Dataset items:
········

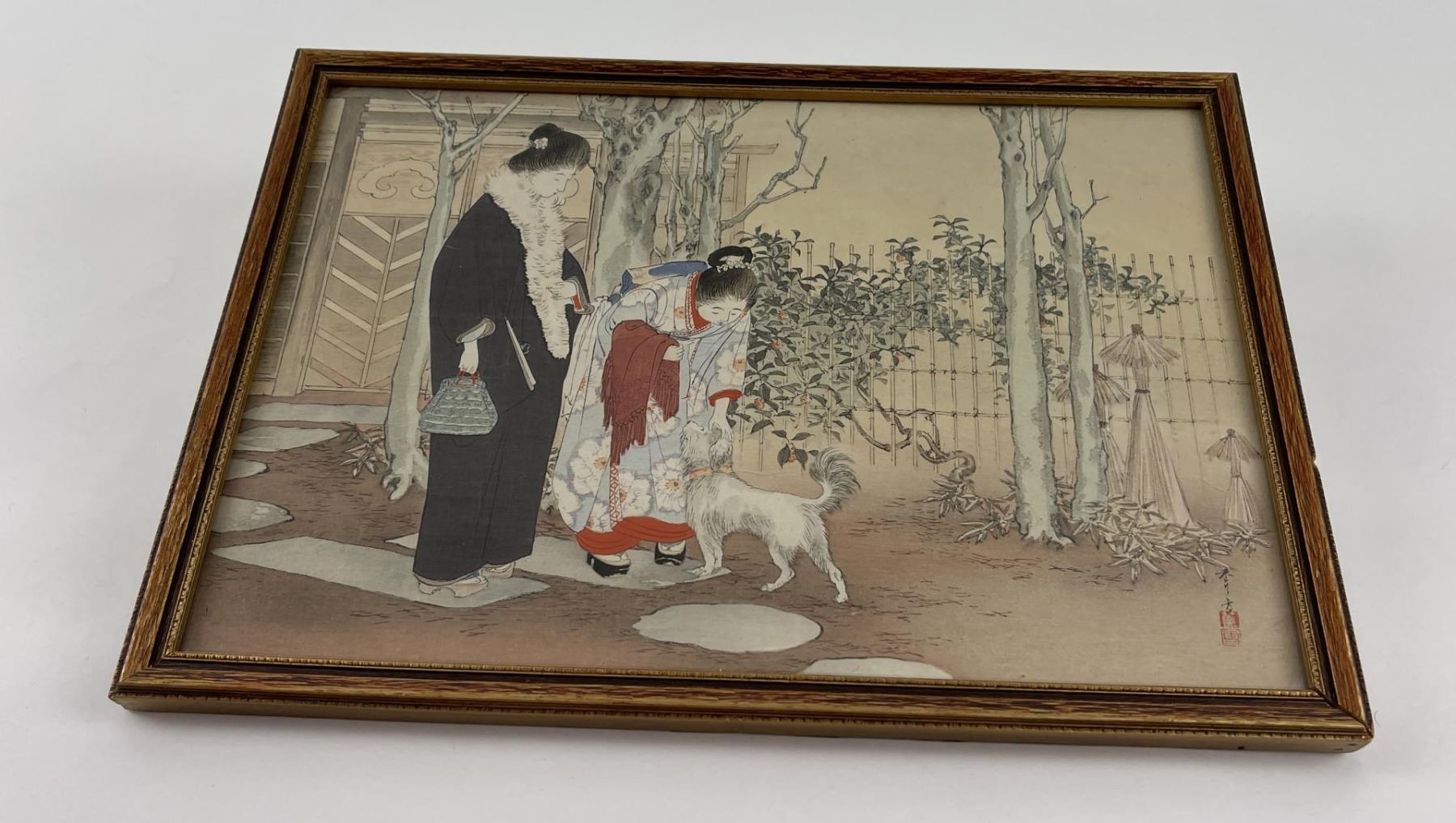 Very nice Japanese woodblock. Artist is Mizuno Toshikata. Title is Winter A Walk with A Pet Dog. 8.5" by 12" framed.
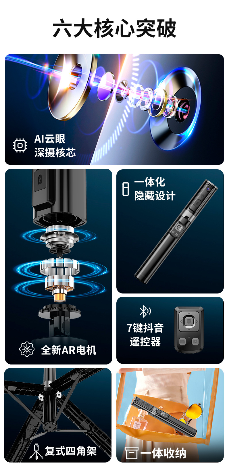 2025 새로운 CL18 셀카봉 보관 일체형 알루미늄 합금 AI 짐벌 휴대폰 홀더 삼각대 공장스토어 가기
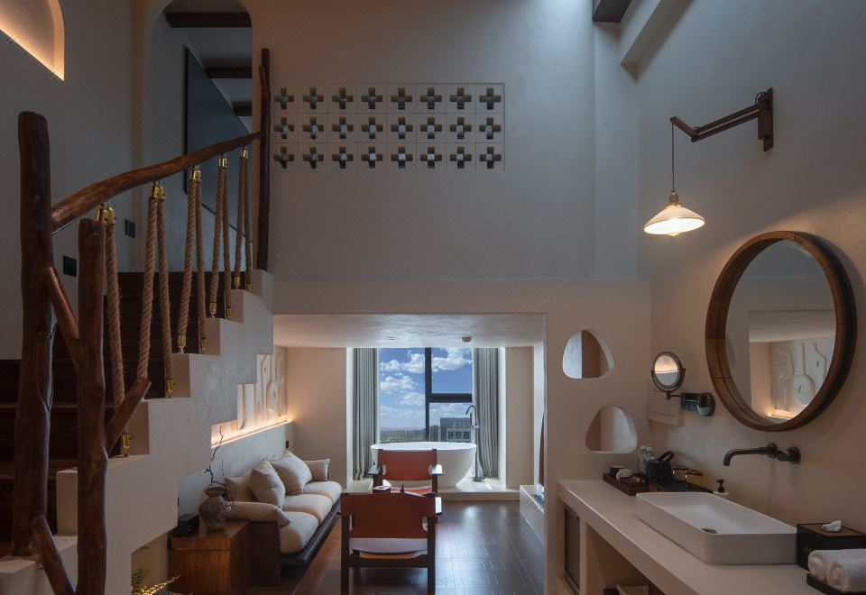 柚坊「LOFT雙層|90°湖景浴缸|霧化壁爐」
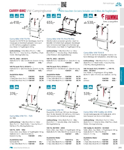 VW Campingbusse Bitte beachten Sie beim Verladen von E-Bikes die Tragfähigkeit.
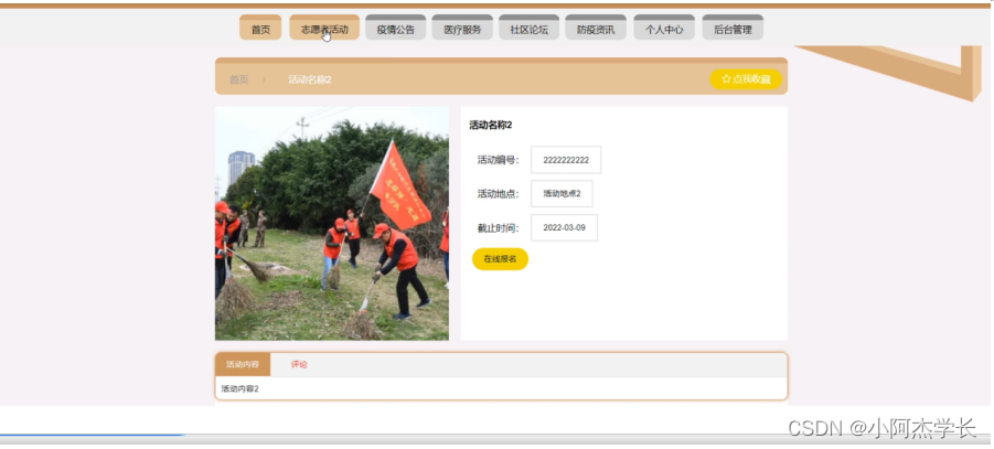 志愿者活动;在志愿者活动页面通过填写活动名称、活动编号、活动地点、截至时间等内容进行报名、评论或收藏等操作,如图5-6所示。
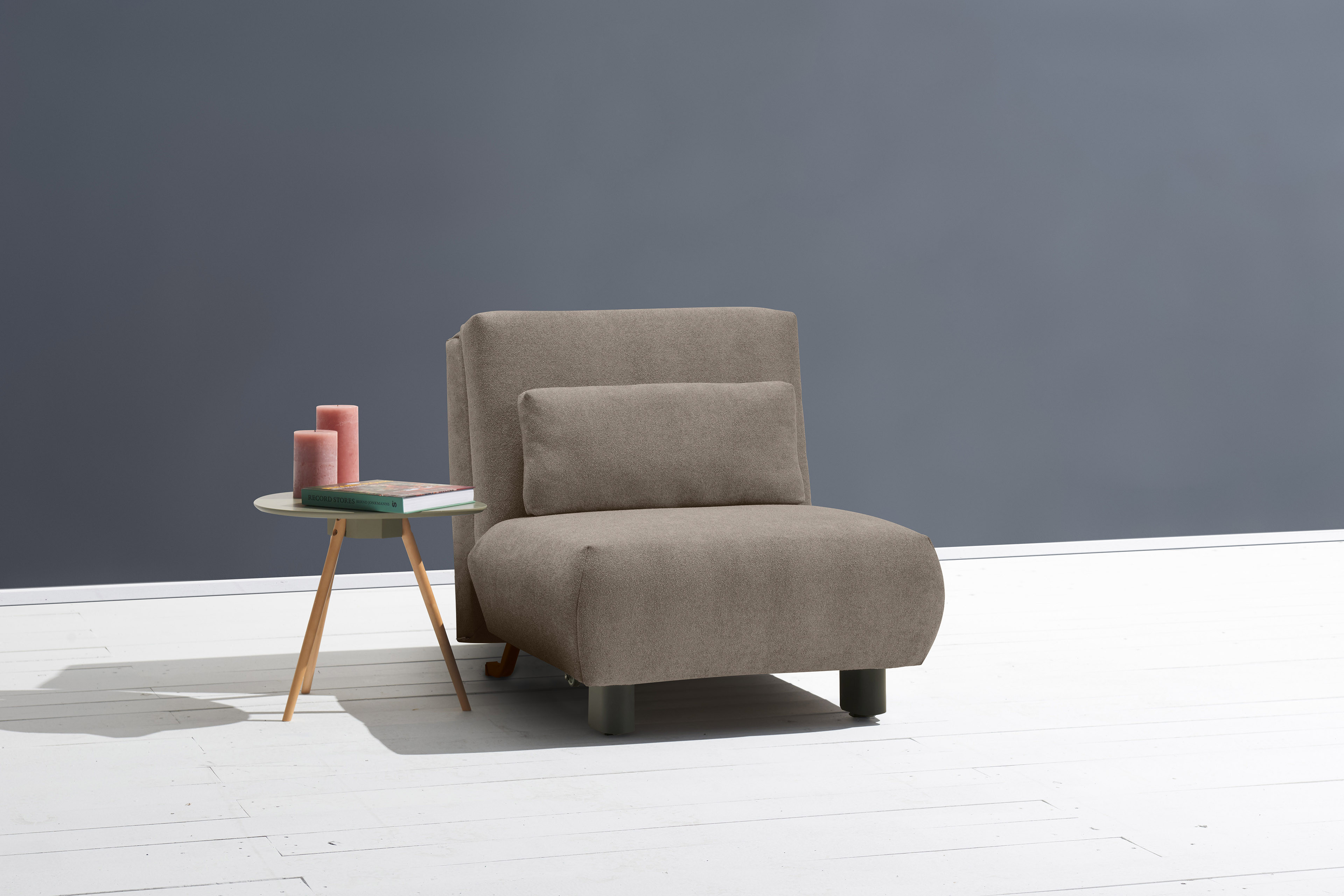 Vorsicht – diesen Platz könnte Ihnen schnell jemand streitig machen. Minou von ell+ell ist kompakt, praktisch und sieht dabei auch noch schick aus. Sie sehen das Schlafsofa-Modell hier in der Konfiguration als Einzelsessel, wobei auch breitere Ausführungen möglich sind. Dieses kleine Multitalent bietet einen kuscheligen Sitzplatz am Tage sowie, in ausgeklapptem Zustand, eine komfortable Liegefläche für Ihre Gäste in der Nacht, ohne dabei eine große Stellfläche zu beanspruchen. Gerade für kleinere Wohnungen ohne eigenes Gästezimmer oder auch für das Kinder- oder Jugendzimmer ist der Sessel damit perfekt geeignet. Neben dem abgebildeten klassischen Braunton mit schwarzen Füßen haben Sie die Auswahl aus einer großen Vielzahl weiterer Stoffe und Farben, anderen Fußoptionen sowie natürlich praktischem ergänzendem Zubehör. Damit erstellen Sie sich ein Möbelstück, das ganz und gar Ihrem Geschmack entspricht – harmonisch abgestimmt auf Ihre Wohnungseinrichtung. Das passende Kissen erhalten Sie auch gleich noch mit dazu. Schlafsofas von ell+ell – vielseitige Alleskönner für Ihr Zuhause.
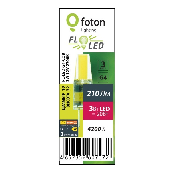 Светодиодная лампа FL-LED G4-COB 3Вт 4200К 12В 210лм 10x38мм белый свет Foton lighting 607072

········

### Description of the task
Word for word, set down the lines from the line with "柚坊「LOFT雙層|90°湖景浴缸|霧化壁爐」" through the last line of the entries, and nothing else; the pictures stay out.

### Expected answer
 柚坊「LOFT雙層|90°湖景浴缸|霧化壁爐」
 VW Campingbusse Bitte beachten Sie beim Verladen von E-Bikes die Tragfähigkeit.
 志愿者活动;在志愿者活动页面通过填写活动名称、活动编号、活动地点、截至时间等内容进行报名、评论或收藏等操作,如图5-6所示。
 Vorsicht – diesen Platz könnte Ihnen schnell jemand streitig machen. Minou von ell+ell ist kompakt, praktisch und sieht dabei auch noch schick aus. Sie sehen das Schlafsofa-Modell hier in der Konfiguration als Einzelsessel, wobei auch breitere Ausführungen möglich sind. Dieses kleine Multitalent bietet einen kuscheligen Sitzplatz am Tage sowie, in ausgeklapptem Zustand, eine komfortable Liegefläche für Ihre Gäste in der Nacht, ohne dabei eine große Stellfläche zu beanspruchen. Gerade für kleinere Wohnungen ohne eigenes Gästezimmer oder auch für das Kinder- oder Jugendzimmer ist der Sessel damit perfekt geeignet. Neben dem abgebildeten klassischen Braunton mit schwarzen Füßen haben Sie die Auswahl aus einer großen Vielzahl weiterer Stoffe und Farben, anderen Fußoptionen sowie natürlich praktischem ergänzendem Zubehör. Damit erstellen Sie sich ein Möbelstück, das ganz und gar Ihrem Geschmack entspricht – harmonisch abgestimmt auf Ihre Wohnungseinrichtung. Das passende Kissen erhalten Sie auch gleich noch mit dazu. Schlafsofas von ell+ell – vielseitige Alleskönner für Ihr Zuhause.
 Светодиодная лампа FL-LED G4-COB 3Вт 4200К 12В 210лм 10x38мм белый свет Foton lighting 607072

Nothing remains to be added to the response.